Chinese blood agents jailed over cash-for-transfusions scam
Underground trade targeted patients whose surgery had been delayed because of shortages in public blood banks
Eight “blood agents” have been sentenced to up to 18 months in jail by a court in Nanning, Guangxi, the local authorities announced on Sunday.
The men and women were found guilty of profiting from the underground blood trade, according to the report posted on social media platform Weibo.
They distributed cards with phone numbers in the city’s hospitals and targeted patients on waiting lists for various types of surgery that required a blood transfusion.
Severe shortages in government blood banks meant the operations could not proceed.
In desperation, many patients or their families were willing to pay the “agents” a fee of up to 1,000 yuan (US$152) per litre of blood to find a donor with a suitable blood type and a willingness to sell.
The blood agents kept half of the money.
One of them made nearly 250,000 yuan in a short time, according to city prosecutors.

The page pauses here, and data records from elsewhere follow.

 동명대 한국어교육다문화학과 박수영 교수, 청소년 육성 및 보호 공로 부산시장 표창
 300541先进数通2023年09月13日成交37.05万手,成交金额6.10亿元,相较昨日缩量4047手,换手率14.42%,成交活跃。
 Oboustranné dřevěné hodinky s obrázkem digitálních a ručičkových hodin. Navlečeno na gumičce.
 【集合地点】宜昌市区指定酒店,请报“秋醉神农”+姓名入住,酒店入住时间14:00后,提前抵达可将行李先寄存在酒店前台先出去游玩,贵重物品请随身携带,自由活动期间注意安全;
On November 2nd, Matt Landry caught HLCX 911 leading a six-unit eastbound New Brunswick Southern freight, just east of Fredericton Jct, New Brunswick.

The seller had to visit a government blood station and declare to an official that he or she was donating blood as a friend or relative of the buyer.

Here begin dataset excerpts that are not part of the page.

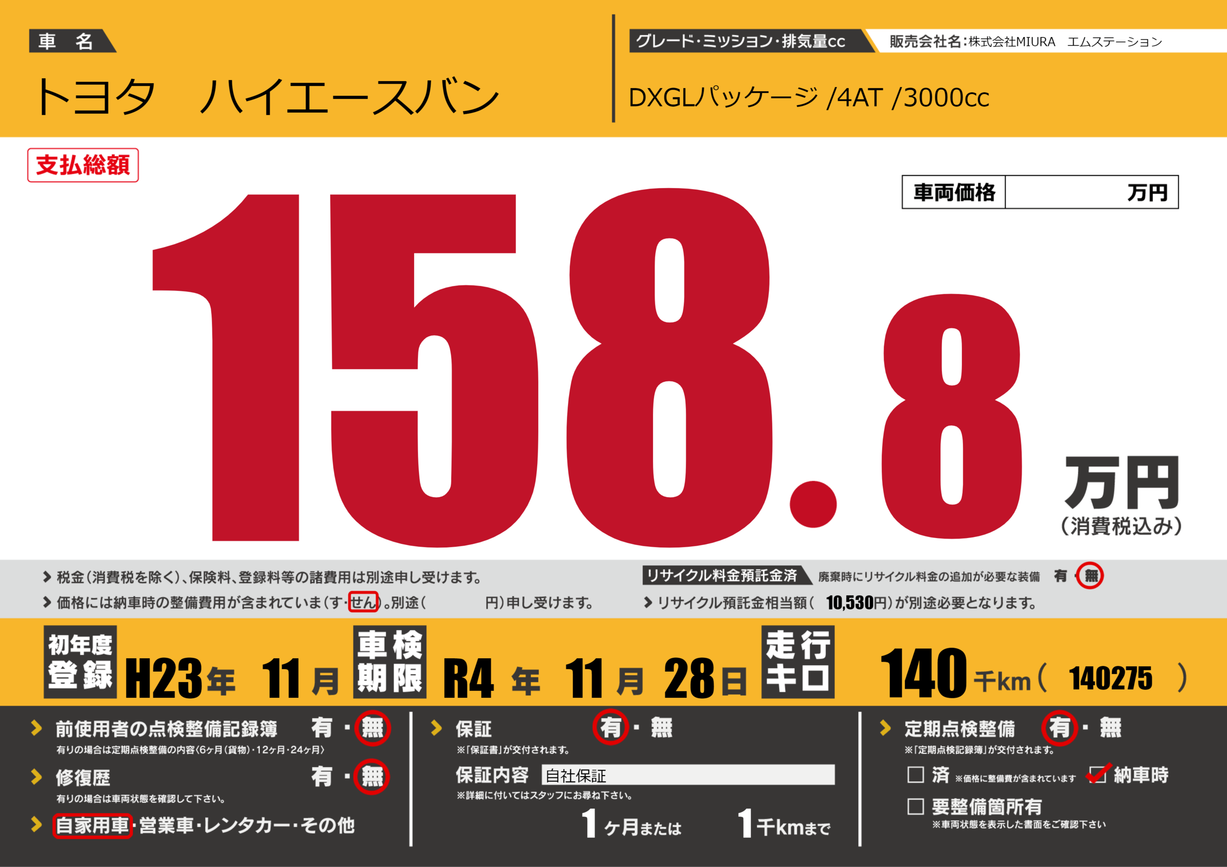 なし | 車検制限 | R4年11月28月 |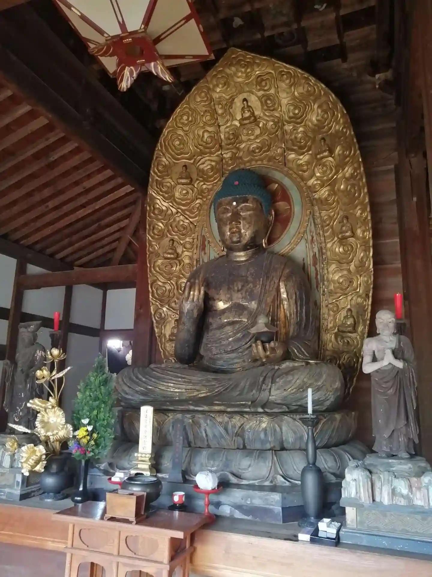 厨子の右側に如来坐像が置かれていますが、両手首から先が失くなっているため仏名はわかりませんが、この寺の創建以前の平安時代作との事であり、こちらも10年程前に市指定有形文化財になりました。(光背と台座は近代の後補)
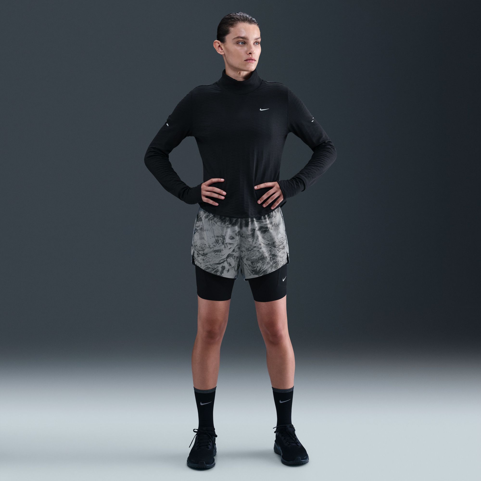 Day or night, stay ready in these Swift running shorts. Their smooth, structured fabric is reflective, and the stretchy inner shorts wick sweat to help keep you dry. Three different pockets secure your phone while the 2-in-1 design gives you optimal coverage stride after stride.

The official would then issue a certificate allowing the buyer to withdraw a similar amount of blood from the blood bank for the surgery.
The scam was an attempt to get around a law that made it mandatory that all blood for hospital use come from volunteers.

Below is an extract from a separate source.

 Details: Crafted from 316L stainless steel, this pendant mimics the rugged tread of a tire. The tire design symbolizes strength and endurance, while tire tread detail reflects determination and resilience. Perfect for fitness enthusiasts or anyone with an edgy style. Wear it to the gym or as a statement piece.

The Chinese authorities have banned blood trading in any form due to concerns that some people in need of money will sell blood beyond a safe amount or conceal their medical history.
A blood trader can be jailed for up to five years under mainland law.
The blood shortage has become a nationwide problem.
Health authorities in the capital said last month that inadequate blood supplies had affected routine operations in some public hospitals, according to Beijing Daily.